[Records from a data collection]
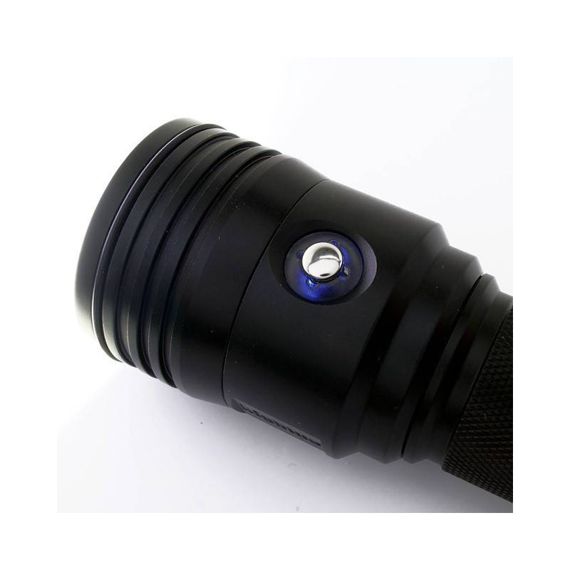 With regard to embedded energy, the VTL3800P includes a solid 32650 Li-ion battery with a capacity of 7Ah. It has been increased by almost 30% this year. To recharge it, simply unscrew the back of the BIGBLUE VLT3800P headlight to access the battery and recharge it. The VTL 3800P is equipped with a 110V / 220V automatic charger that will delight the traveling divers. The end of charge indication is indicated by a green led.
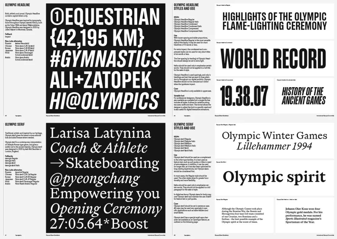 加拿大创意机构Hulse & Durrell与国际奥委会 ( IOC ) 合作制作了三种定制字体、一系列图形设备和插图,并包含使用指南。
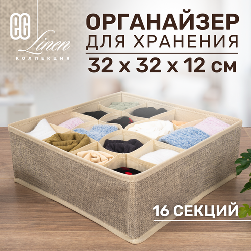 Органайзер для хранения Еврогарант для белья и аксессуаров, 16 секций, 32х32х12 см, linen
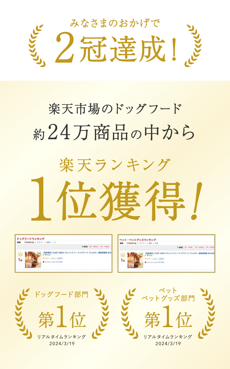 | 【低アレルゲンな食材と人工添加物不使用!愛犬の健康を守るための高品質ドッグフード】 |
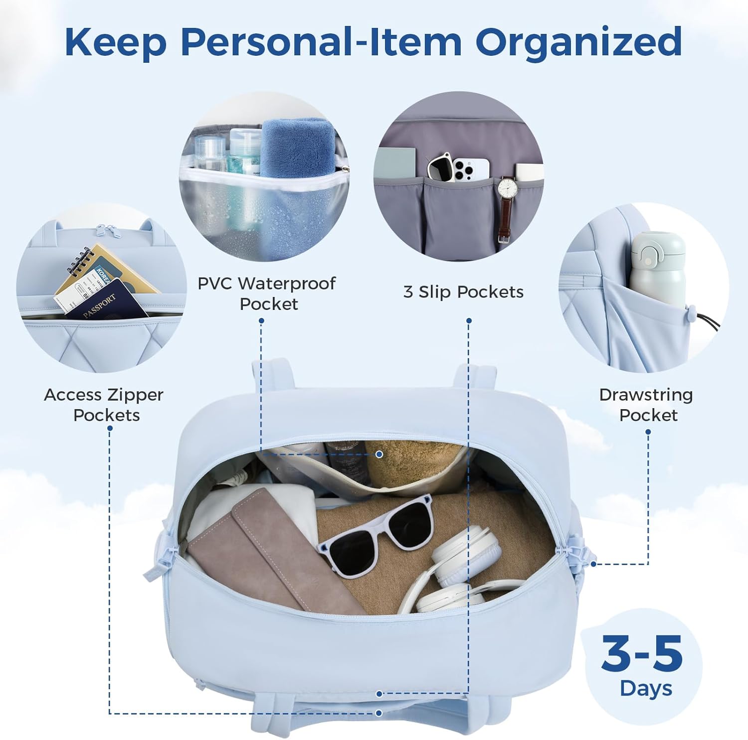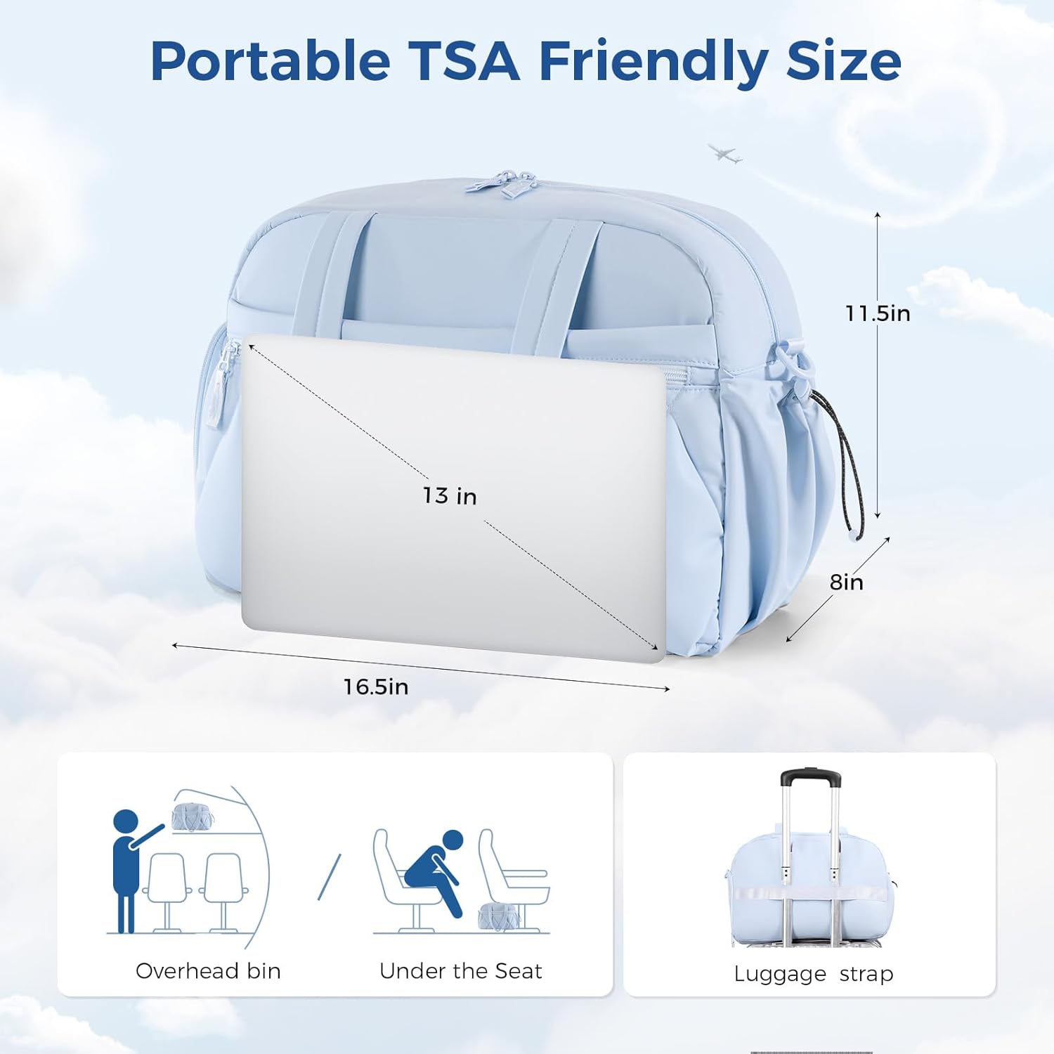 • [TSA-Friendly Carry-On Bag]-Measuring 16.5 x 8 x 11.5 inches, this carry-on tote bag meets the standards for airline carry-on baggage, saving you the hassle of security checks and check-in time. On the plane you can put it in the front seat bottom or overhead compartment, on top of that, it slides easily onto the boot handle and stays in place it is the best partner for your flight!
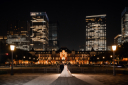 広い空の下で手を伸ばすふたりの後ろ姿がとても爽やかですね。青空と水辺の景色に包まれて、開放感いっぱいの結婚写真になっていて素敵ですよね。

WORK TO BE COMPLETED. With the pictures left aside, write out all of the records above exactly.

TASK RESPONSE.
 With regard to embedded energy, the VTL3800P includes a solid 32650 Li-ion battery with a capacity of 7Ah. It has been increased by almost 30% this year. To recharge it, simply unscrew the back of the BIGBLUE VLT3800P headlight to access the battery and recharge it. The VTL 3800P is equipped with a 110V / 220V automatic charger that will delight the traveling divers. The end of charge indication is indicated by a green led.
 加拿大创意机构Hulse & Durrell与国际奥委会 ( IOC ) 合作制作了三种定制字体、一系列图形设备和插图,并包含使用指南。
 Органайзер для хранения Еврогарант для белья и аксессуаров, 16 секций, 32х32х12 см, linen
 | 【低アレルゲンな食材と人工添加物不使用!愛犬の健康を守るための高品質ドッグフード】 |
 • [TSA-Friendly Carry-On Bag]-Measuring 16.5 x 8 x 11.5 inches, this carry-on tote bag meets the standards for airline carry-on baggage, saving you the hassle of security checks and check-in time. On the plane you can put it in the front seat bottom or overhead compartment, on top of that, it slides easily onto the boot handle and stays in place it is the best partner for your flight!
 広い空の下で手を伸ばすふたりの後ろ姿がとても爽やかですね。青空と水辺の景色に包まれて、開放感いっぱいの結婚写真になっていて素敵ですよね。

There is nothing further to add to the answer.